Зимородов повел рукой с бокалом и выплеснул коньяк в сторону юноши, который действительно с мрачным торжеством наблюдал за ним из темного угла. Увидев его только теперь, Грушевский с живым любопытством стал наблюдать за мальчиком, пожалуй ровесником Коли. Это, скорее всего, и есть сын Зимородова. Мальчик, в отличие от живого и полнокровного футуриста, худосочный и бесцветный, с какими-то лиловыми кругами под светло-голубыми невзрачными глазами, с похожими на паклю, светлыми цыплячьими волосками, весь дрожал от нетерпеливого негодования. Одет он был, как приказчик, в длиннополую рубаху и залоснившуюся жилетку винного цвета, поверх всего этого безобразия неловко сидел сюртук с чужого плеча. Сапоги бутылками вихлялись на его жидких икрах. И если бы не длинный разрез глаз, в точности как у Домны Карповны и отца, его можно было бы принять за постороннего, заблудшего в шикарных апартаментах подручного Кузьмы Семеновича. А ведь, пожалуй, они с отцом похожи больше, чем кажется на первый взгляд. Одна и та же уязвленность души несовершенством мира. Только у купца она вылилась в оргию саморазрушения, а у другого… черт его знает, может, он возьмет и зарежет батюшку, оправдав этот разрушительный нигилизм правом уязвленной личности на справедливое возмездие.
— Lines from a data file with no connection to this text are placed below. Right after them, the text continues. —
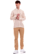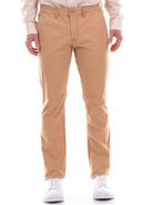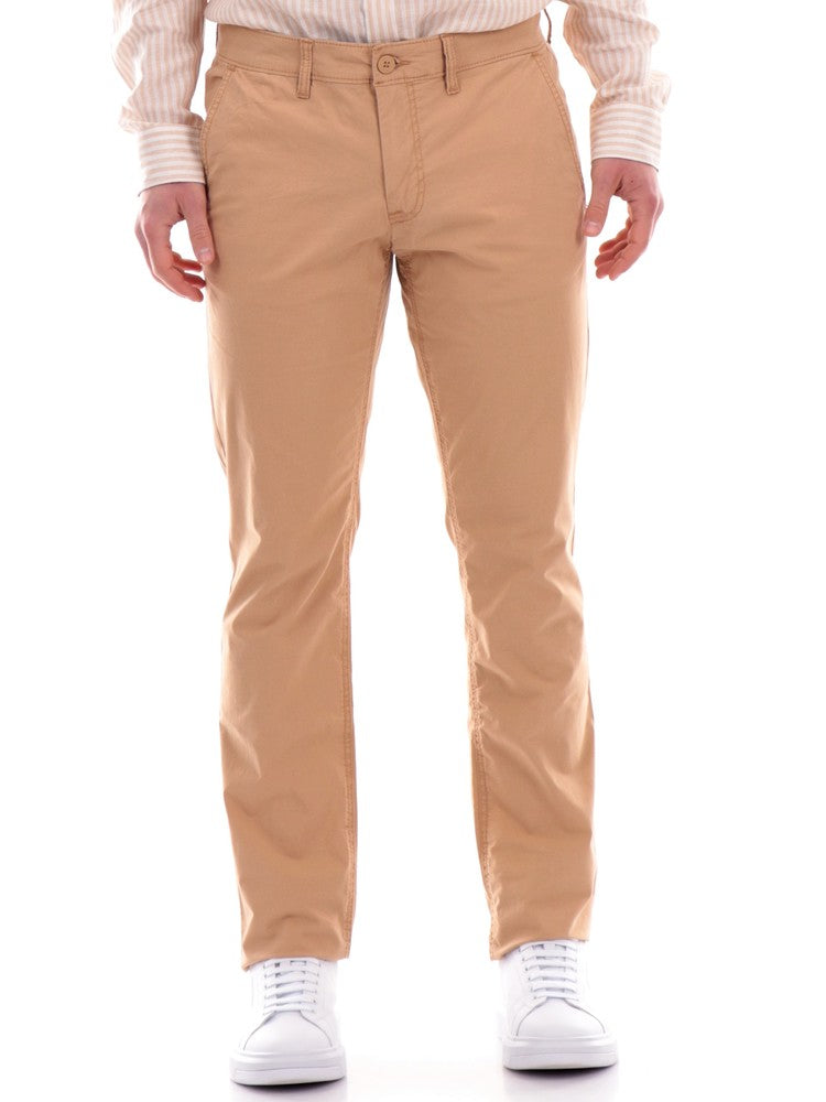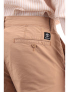 Braune Timberland Herrenhose Chino TB0A5TU, aus weicher Baumwolle. Diese braune Timberland-Hose hat einen Logo-Knopf und Reißverschluss, zwei offene Seitentaschen mit schrägen Schnitten, zwei Leistentaschen hinten und einen normalen Saum.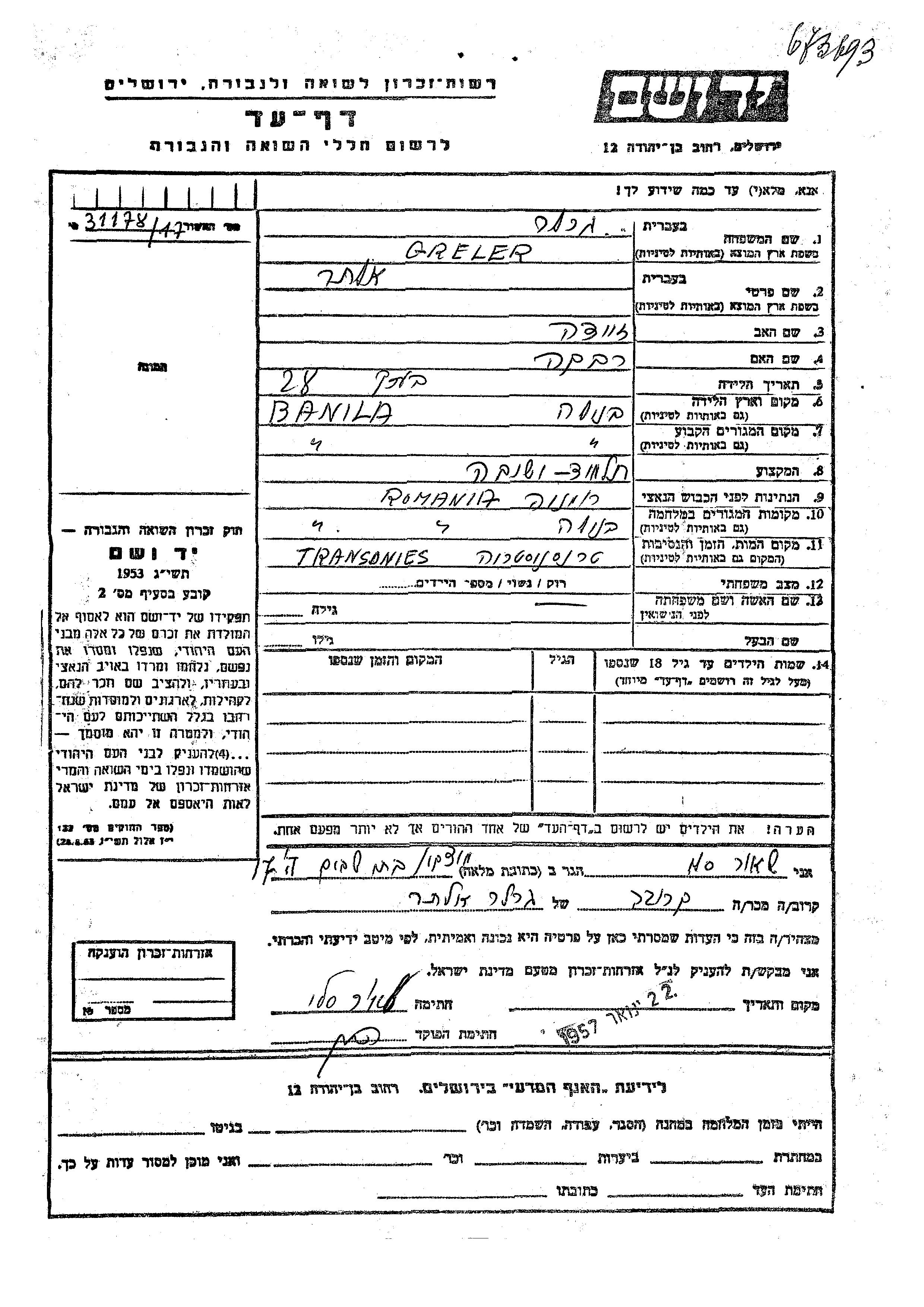 Алтер Грелер Герлер, место рождения: Банила, Румыния. Отец: Зейде, mать:Ривка. Учащийся иешивы. Место жительства до войны: Банила, Румыния. Место во время войны: Банила, Румыния.
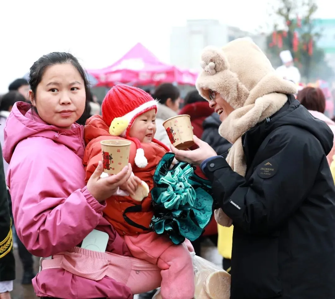 为传递温暖,活动特别设置“敬呈头碗粥”环节,将第一碗福粥敬献给长者、儿童、环卫工人等群体;同时,“五郎”巡游派发便携“暖程粥”与平台福气卡,服务覆盖至当晚末班高铁抵达。书法家现场挥毫赠春联、网红老奶奶温情喊话游子归家等细节,更让整场活动充满人文温度。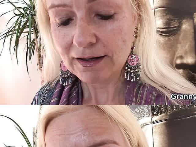 Hot threesome with skinny blonde granny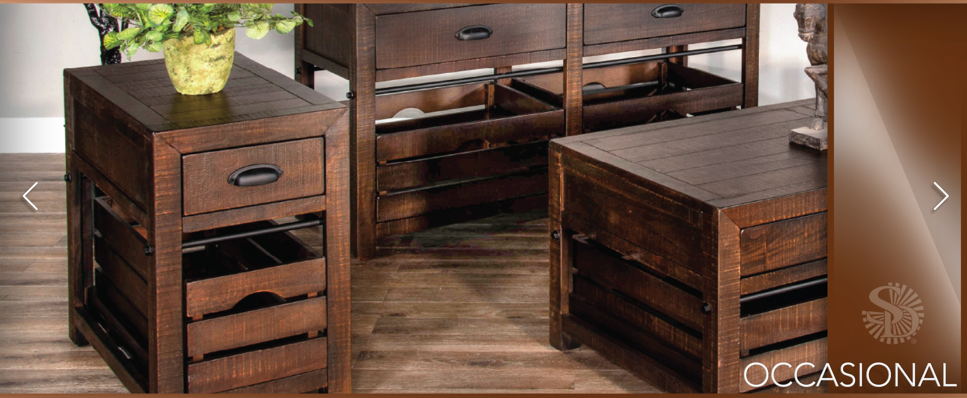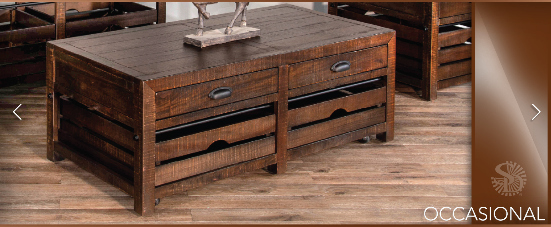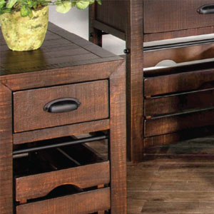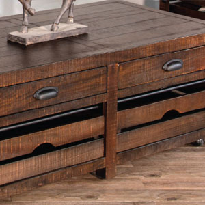 The Homestead occasional set features a beautiful rough sawn Tabacco Leaf finish. All pieces have a metal bar accent. Removable crates and large drawers offer tons of space for storage.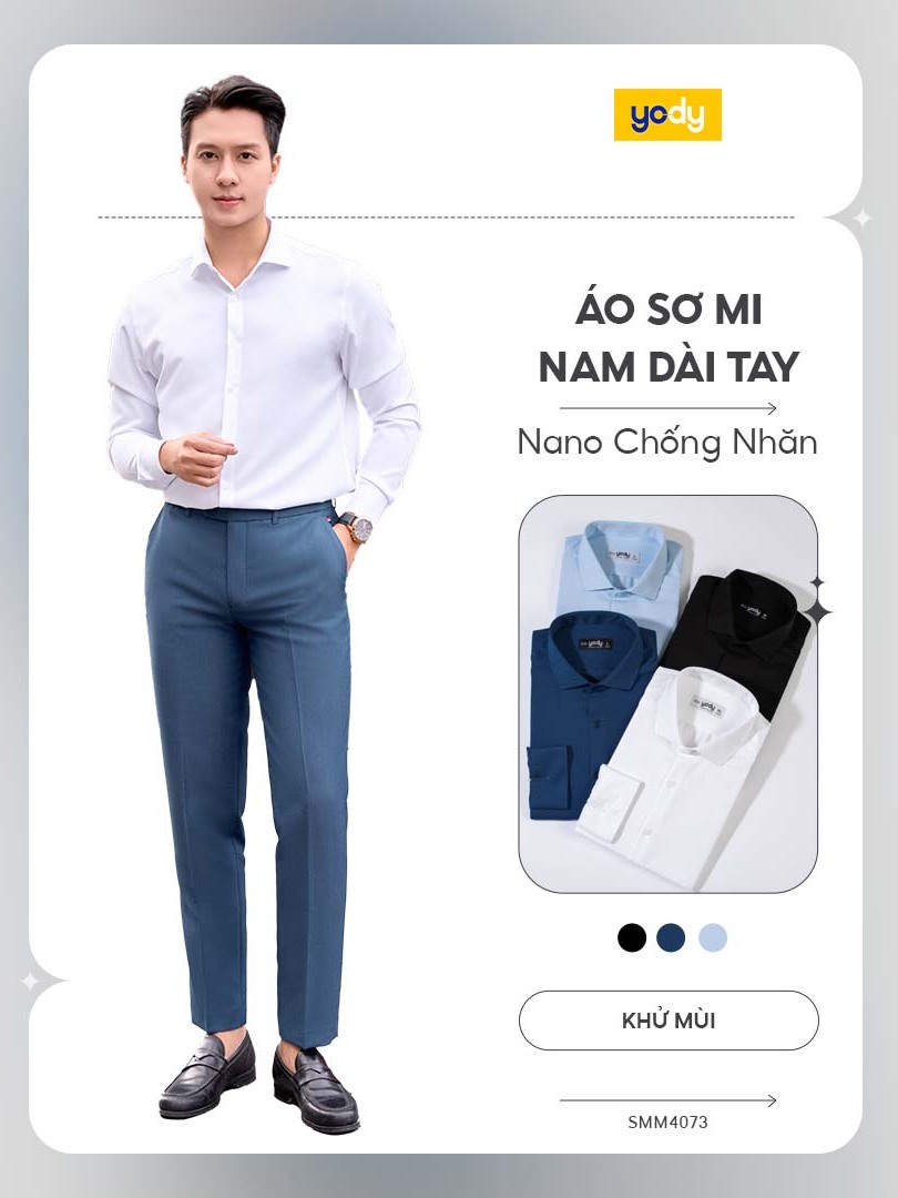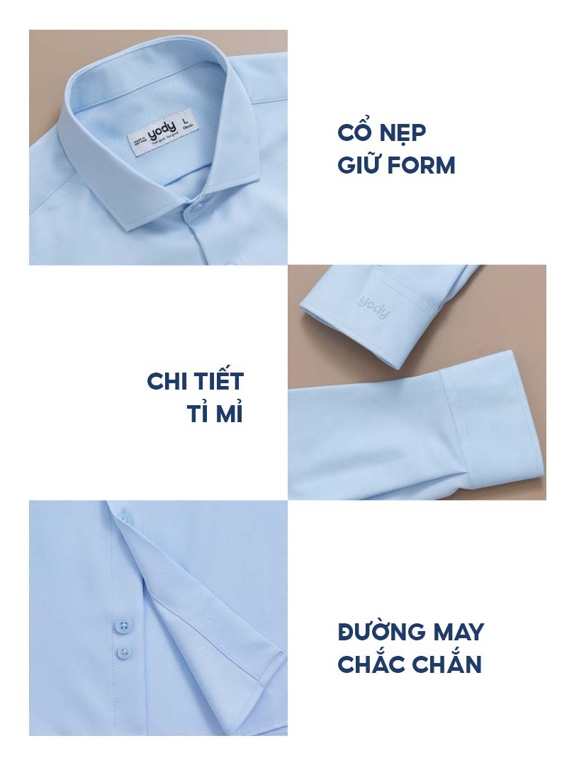 Áo sơ mi nam YODY dài tay quốc dân mềm mịn, chống nhăn, thấm hút nhanh dáng simfit TRA - MOSH25A166

Парадокс времени, однако.

— Стыдно, батюшка, — словно услышав мысли Грушевского, дрожащим голосом проблеял вьюнош. — Господь все слышит.

— Слышит, хорошо устроился. Нечего сказать. Немножко пострадал на кресте и теперь все слышит, все видит, еще и всех судить будет — сколько выгод за раз! Экая удачная сделка.
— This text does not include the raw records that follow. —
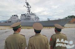 2004年7月28日,越南军官观看柯蒂斯-威尔伯号导弹驱逐舰(DDG-54)准备停靠在越南岘港码头。这是自1973年以来美国军舰再度停靠岘港。此次访问象征美国和越南关...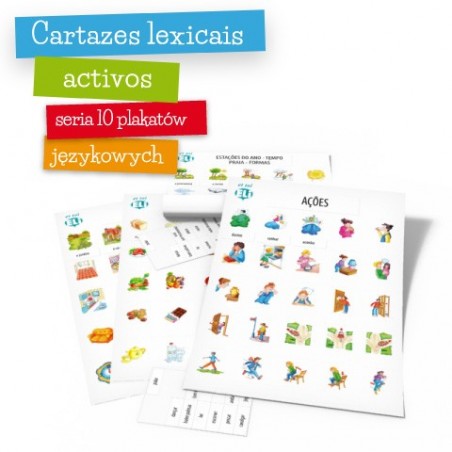 Opis serii: Cartazes lexicais activos to seria 10 plansz dydaktycznych ułatwiających poznawanie podstawowego słownictwa portugalskiego z czternastu wybranych kategorii tematycznych.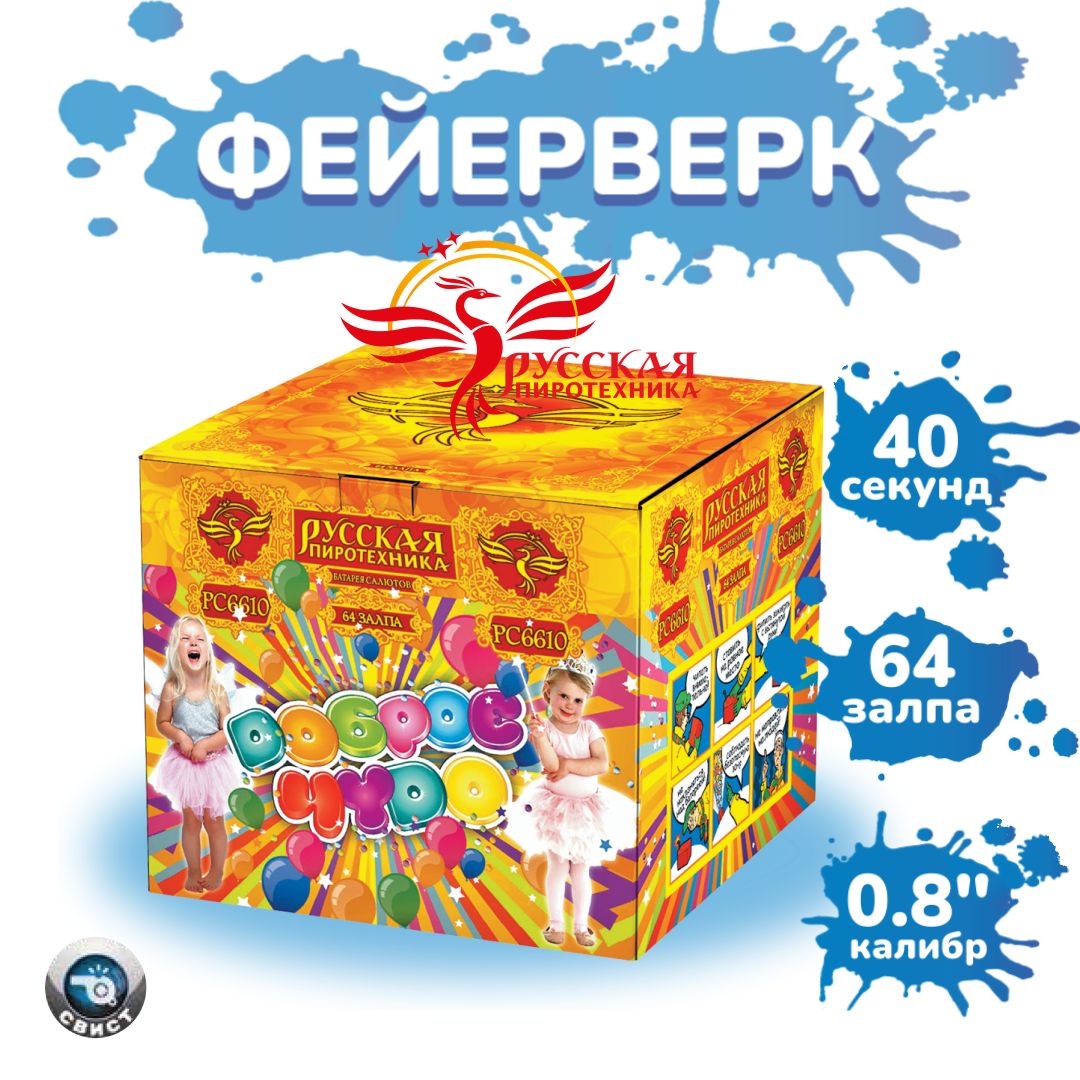 У радости все радостно, у света все светло, у чуда все чудесно, а у тепла — тепло.Невероятное шоу, которое превратит Ваш праздник в настоящее волшебство. Эта батарея салютов создаст удивительные и красочные образы, напоминающие чудеса и волшебные сказки.С первого выстрела, когда первый залп взлетает в небо, "Доброе чудо" начинает свое захватывающее представление. Яркие и мерцающие огни превращаются в разнообразные фигуры и фейерверки, создавая потрясающую картину. Огромные композиции, вихри света и цветные огоньки наполняют атмосферу волшебством.Звуки фейерверка также не остаются незамеченными. Магические мелодии и гармоничные звуки сопровождают каждый новый эффект, добавляя воздуху загадочности и радости. Это настоящее произведение искусства от "Русской пиротехники"!Эффекты (изображены на картинке):Разноцветные, свистящие кометы, серебряные, шуршащие искристые трассы разрываются сферами из:

— Опомнись, богохульник! — вскричала Домна Карповна, в крайнем волнении прижимая руки к груди.

— Господа, господа, однако же… неприлично-с, — пролепетал утомленный страстями Призоров и рухнул в кресло. Вот уж не ожидал такого драматизма, право, не представление же по Чехову, в самом деле!

— А я так рассуждаю, — отмахнулся от представителя власти Зимородов. — Где бы вы были, кабы не я? Чем бы жизнь свою ничтожную заполняли, если бы не страдания, коих причиной Я?! Домна, сынок мой, женушка-страдалица туда же, в одну купель.

— Матушку не троньте! — трагично всхлипнул юноша.

— Ну? А то что ты мне сделаешь? — паясничал Зимородов.

— Матушку не позволю! Убийца, все вокруг отравляешь, как анчар ядовитый! Срублю, изничтожу!..

Он вдруг стал яростно рвать что-то из кармана мятого сюртука своего, да запутался и, покраснев от злости, даже немного взвыл. Зимородов стоял перед ним и усмехался своей усталой пьяной усмешкой. Домна Карповна, предчувствуя нехорошее, кинулась к племяннику, молитвенно воздев руки, да тут отрок достал-таки пистолет и направил его на отца.

— Ну вот, наконец, аллилуйя, — саркастично воскликнул Зимородов и отсалютовал бокалом. Грушевский кинулся к мальчику, Тюрк с интересом навострился. — Голубок затрепетал крылами…

Тут раздался оглушительный звук выстрела, и Зимородов, несколько побледнев и криво усмехнувшись, рухнул в кресло. Грушевский одновременно с Домной Карповной подбежали к стрелявшему. Максим Максимович осторожно вынул из слабых дрожащих пальцев оружие, а тетка укрыла в своих спасительных объятиях несчастного разрыдавшегося племянника.